Digital companies attempt to find the right solution through Discovery.  Starting with an MVP (below), they iterate in an Agile fashion to find the solution.  Gone are large solution specifications (software requirements specifications) in favor of epics and stories which can be clearly and easily defined in significantly fewer words.

Product teams understand what Fred Brooks meant when he said

Because the design that occurs first is almost never the best possible, the prevailing system concept may need to change. Therefore, flexibility of organization is important to effective design.

Fred is talking about the need to be agile – to sense and respond to not only the mistakes made with any solution development, but the interaction of the market with the solution you develop.  You must throw away waterfall concepts in your digital endeavors to be truly successful.

  1. Usability

When you develop solutions for employees, you have a captive audience and a natural monopoly.  You are paying them, and you get to determine whether they use your solution or not.  As a result, you don’t have to be great at solution usability.  That isn’t the case in the new digital world.  End users will churn or select another provider if a solution isn’t easy to use and intuitive.

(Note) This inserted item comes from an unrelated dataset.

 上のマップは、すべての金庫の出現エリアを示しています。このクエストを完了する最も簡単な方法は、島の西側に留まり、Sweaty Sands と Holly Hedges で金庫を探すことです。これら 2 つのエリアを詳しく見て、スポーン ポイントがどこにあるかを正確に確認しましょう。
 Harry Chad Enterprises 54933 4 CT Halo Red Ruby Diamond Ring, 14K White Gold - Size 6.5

  1. Gas Pedals – Not Brakes

This is a catch-all category for all the reasons traditional IT teams have for why something can’t be done:  “We have to work the process ...” or “This needs to go through a review ...” or “Has it gone through the right governance processes?” or “Have you filed a ticket for this yet?”  Product teams care about speed and time to market.  As such, the best product teams have all the skills in them, and the correct experience within the team to be fully empowered and held accountable to achieving the right outcomes.

  1. MVP

Everyone is using the term minimum viable product (MVP) these days.  Few companies truly get it.  The pork belly political negotiation that typically happens to get an IT project launched results in bloated, overpriced and slow time to market solutions.  Digital companies know that small is fast.  They know that they’d rather build smaller than the initial need and work into a true MVP than over-shoot it and as a result be late.

Data Always

The era of a company relying on the brilliance of a handful of people to predict markets is over.  Companies that have completed the digital transformation sense the needs of the market and customers in real time through science – not individual brilliance.

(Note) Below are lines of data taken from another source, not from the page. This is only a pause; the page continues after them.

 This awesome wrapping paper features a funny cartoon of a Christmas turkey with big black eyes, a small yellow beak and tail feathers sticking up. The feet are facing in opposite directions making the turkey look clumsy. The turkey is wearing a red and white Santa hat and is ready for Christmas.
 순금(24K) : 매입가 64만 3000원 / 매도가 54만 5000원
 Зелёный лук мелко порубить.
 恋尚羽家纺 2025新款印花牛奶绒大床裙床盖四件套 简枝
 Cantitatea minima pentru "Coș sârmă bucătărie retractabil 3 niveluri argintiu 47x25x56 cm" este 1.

  1. Learning not Knowing (Induction and Deduction)

Digital teams assume that their hypotheses may be wrong, and they know that what may be correct today for a solution will likely evolve and change soon.  As such, they build solutions that help them identify evolving patterns and learn true end user need.  Critical to any Digital transformation is a data ecosystem that goes well beyond the packaged “data warehouses” of yore.  You need more than just a place to dump your data – you need a solution that supports a virtuous cycle of learning and exploration.  Induction leads to insights to form hypotheses.  Deduction proves (or disproves) those hypotheses to create new knowledge that fuels growth.

Diagram of Hermeneutic Circle

Diagram of Hermeneutic Cycle

  1. Scientists and Engineers – not Technicians

Reports and reporting teams may provide executives with the daily pulse of their business, but they are insufficient to fuel the insights necessary to be competitive in the digital world.  Report writers are at best programmers, and you need people who understand how to use data to that generate insights and result in knowledge and information.  More than just trends, Digital teams need to understand how and why trends happen and even more importantly must be able to predict what the future brings.